SUPPLIED DATA -
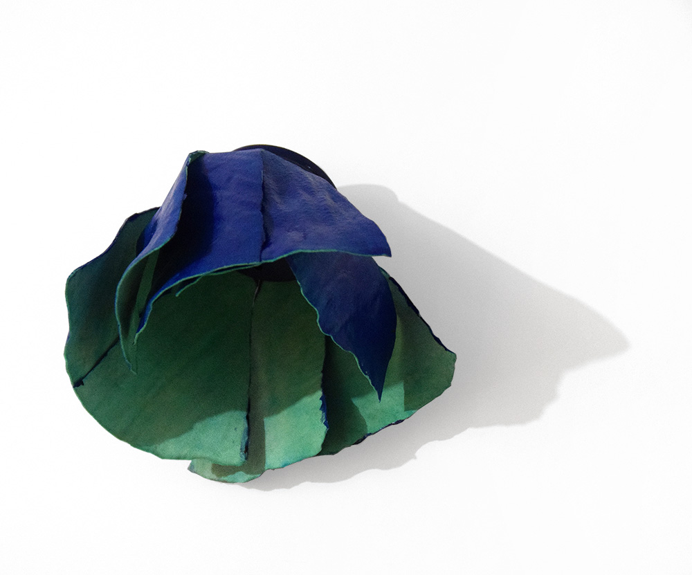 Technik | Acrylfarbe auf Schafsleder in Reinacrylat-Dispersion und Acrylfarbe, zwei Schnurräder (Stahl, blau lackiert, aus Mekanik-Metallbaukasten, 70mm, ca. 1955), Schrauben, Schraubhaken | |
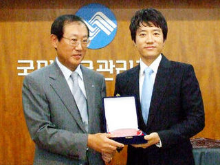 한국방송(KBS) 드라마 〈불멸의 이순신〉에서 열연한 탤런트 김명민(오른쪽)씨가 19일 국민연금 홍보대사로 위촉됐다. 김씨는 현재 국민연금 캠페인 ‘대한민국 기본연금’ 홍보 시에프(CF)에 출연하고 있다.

--

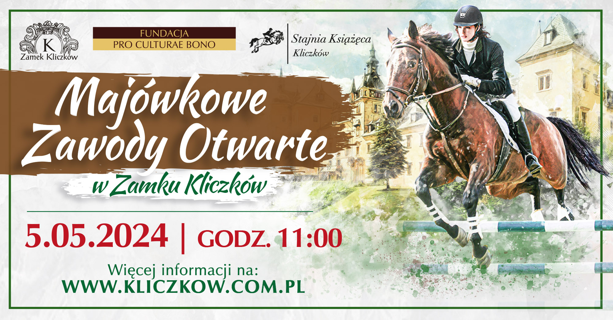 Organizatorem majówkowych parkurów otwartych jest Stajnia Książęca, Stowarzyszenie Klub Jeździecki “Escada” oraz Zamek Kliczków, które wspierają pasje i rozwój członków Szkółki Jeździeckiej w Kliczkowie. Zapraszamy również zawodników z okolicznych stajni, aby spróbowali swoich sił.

...

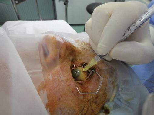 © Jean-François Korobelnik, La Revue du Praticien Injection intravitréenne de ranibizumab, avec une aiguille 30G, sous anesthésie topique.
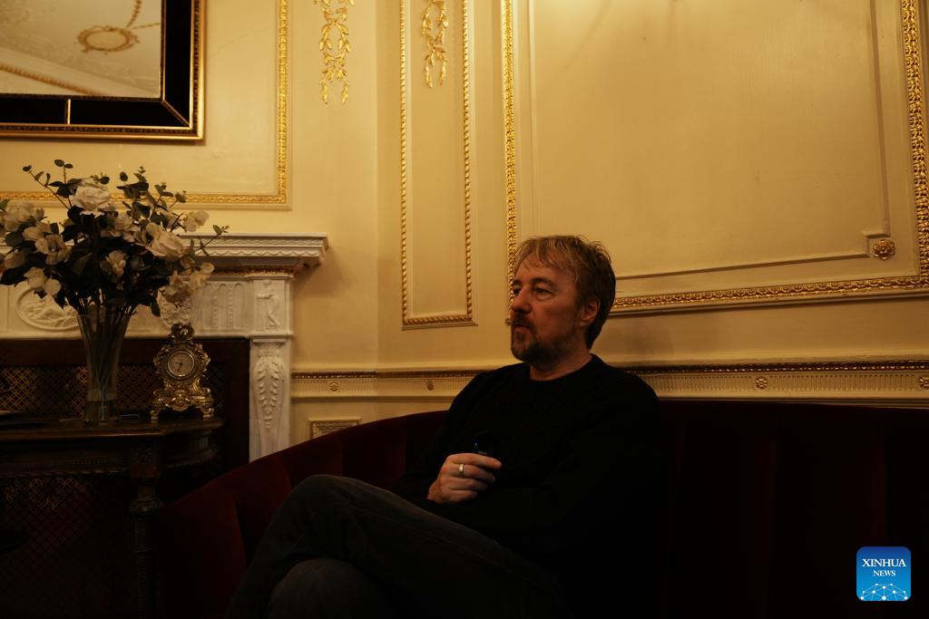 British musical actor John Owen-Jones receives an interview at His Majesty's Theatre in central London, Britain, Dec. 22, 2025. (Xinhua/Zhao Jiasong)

WHAT YOU ARE ASKED TO DO - Drop the pictures; return the lines above from the line containing "Technik | Acrylfarbe" to the line containing "한국방송(KBS) 드라마 〈불멸의", both included, exactly.

THE COMPLETED TASK -
 Technik | Acrylfarbe auf Schafsleder in Reinacrylat-Dispersion und Acrylfarbe, zwei Schnurräder (Stahl, blau lackiert, aus Mekanik-Metallbaukasten, 70mm, ca. 1955), Schrauben, Schraubhaken | |
 한국방송(KBS) 드라마 〈불멸의 이순신〉에서 열연한 탤런트 김명민(오른쪽)씨가 19일 국민연금 홍보대사로 위촉됐다. 김씨는 현재 국민연금 캠페인 ‘대한민국 기본연금’ 홍보 시에프(CF)에 출연하고 있다.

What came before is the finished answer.